With apologies to James McLaren....

It is evident that the narrative of events contained in the gospel texts should not be taken at face value. The interpretative framework as outlined indicates that to distinguish between the comments and the narration of events is not possible. It is not simply a matter of dismissing the gospel interpretations, nor a matter of working out which version of an event is accurate. The interpretative process is more fundamental: it controls the entire choice of subject matter and, therefore, the overall picture that is being conveyed. We must now contend with the possibility that although we can make conclusions and observations regarding what the gospel writers narrates, what we can conclude is, in itself, the product of an interpretation. In other words, the picture being used to understand the first century CE in Judaea may not necessarily provide the reader with a 'full' or 'balanced' representation of what was happening in the territory. In effect, our major resource for examining the period is itself a constructed picture.

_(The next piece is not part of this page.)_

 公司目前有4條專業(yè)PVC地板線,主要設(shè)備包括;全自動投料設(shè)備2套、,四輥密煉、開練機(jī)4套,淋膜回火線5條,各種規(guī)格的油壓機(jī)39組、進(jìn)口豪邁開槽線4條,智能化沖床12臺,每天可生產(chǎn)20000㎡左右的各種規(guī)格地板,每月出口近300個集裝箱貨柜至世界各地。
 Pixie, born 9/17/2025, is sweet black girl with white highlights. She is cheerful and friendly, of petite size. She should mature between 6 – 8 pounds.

James S. McLaren: Turbulent Times ? Josephus and Scholarship on Judaea in the First Century CE. page 67.


Re: Fernando Bermejo-Rubio latest article June 2024

Posted: Tue Jul 16, 2024 9:06 am
by StephenGoranson
In other words, mary helena, you have, for your story, no proof.

Re: Fernando Bermejo-Rubio latest article June 2024

Posted: Tue Jul 16, 2024 9:35 am
by maryhelena
StephenGoranson wrote: Tue Jul 16, 2024 9:06 am In other words, mary helena, you have, for your story, no proof.
Nobody has any proof that the gospel figure of Jesus was a historical figure.

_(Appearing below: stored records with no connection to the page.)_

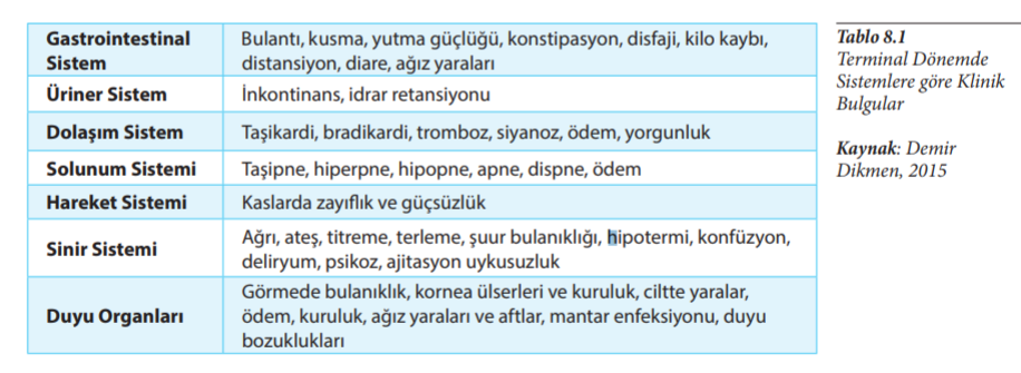 Gastrointestinal Sistem: Bulantı, kusma, yutma güçlüğü, konstipasyon, disfaji, kilo kaybı, distansiyon, diare, ağız yaraları
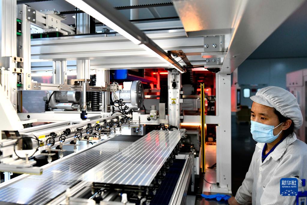 6月7日,在山東泉為新能源科技有限公司,工作人員在生產(chǎn)光伏組件。
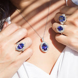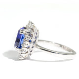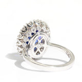A radiant embrace of platinum cradles an exquisite tanzanite, its violet hues shimmering like twilight rekindled. Surrounded by a halo of sparkling diamonds, this ring captures the heart’s whimsy. With every glance, bask in the enchanting dance of light, evoking emotions of love and elegance that whisper stories only you can tell.
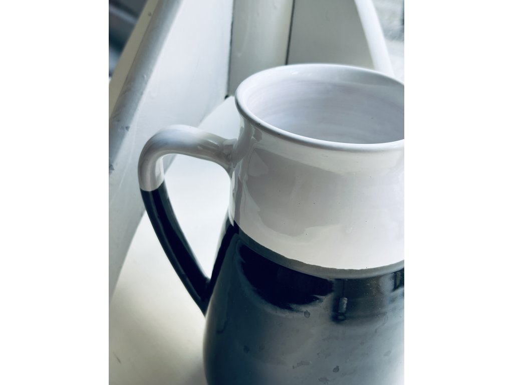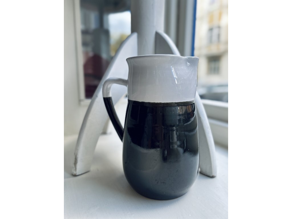 Výrazný velký džbán pro všechny věčné optimisty / pesimisty. Je z poloviny bílý nebo z poloviny černý? Vyrobil podnik Keralit v cca 70. letech minulého století a je v super stavu bez známek používání! Je vysoký 23 cm, značený.
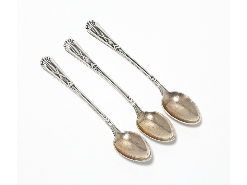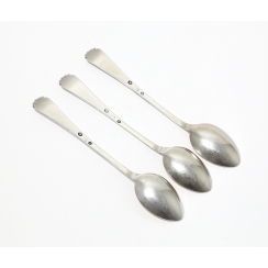 158684 - Кофейные ложки, 3 шт, Дания, 1904 г, 26 гр, 826 пр, 11,4 смСеребряные кофейные ложки, 3 шт. Дания, 1904 год. Длина - 11,4 см. Вес - 26 граммов серебра 826 пробы.
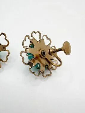 Vintage 1950s Turquoise Moonglow Lucite Earrings Gold Tone Floral Screw Back
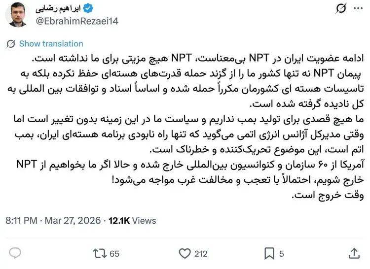 伊朗议会国家安全与外交政策委员会发言人易卜拉欣·雷扎伊就相关事件表示,伊朗正在考虑退出《不扩散核武器条约》。他指出,《不扩散核武器条约》不仅未能保护伊朗免受核大国袭击,反而使伊朗核设施多次遭到攻击,国际文件和协议也遭到完全忽视。

What proof we do have is that Rome executed the last King and High Priest of the Jews. The Hasmonean, Antigonus.
Josephus states that Mark Antony beheaded Antigonus (Antiquities, XV 1:2 (8–9). Roman historian Cassius Dio says that he was crucified and records in his Roman History: "These people [the Jews] Antony entrusted to a certain Herod to govern; but Antigonus he bound to a cross and scourged, a punishment no other king had suffered at the hands of the Romans, and so slew him."[5] In his Life of Antony, Plutarch claims that Antony had Antigonus beheaded, "the first example of that punishment being inflicted on a king."[6]
https://en.m.wikipedia.org/wiki/Antigonus_II_Mattathias

Let me repeat. Nobody has historical evidence that the gospel Jesus was a historical figure. Nobody.

All we can do is attempt, from Jewish history, to create a narrative that can throw some light upon the gospel story.... And thereby throw some light upon early Christian origins.

Now Stephen, if you don't mind, I would prefer to get back to considering what Bermejo Rubio has to say in his 40 page article in the Journal for the study of the historical Jesus.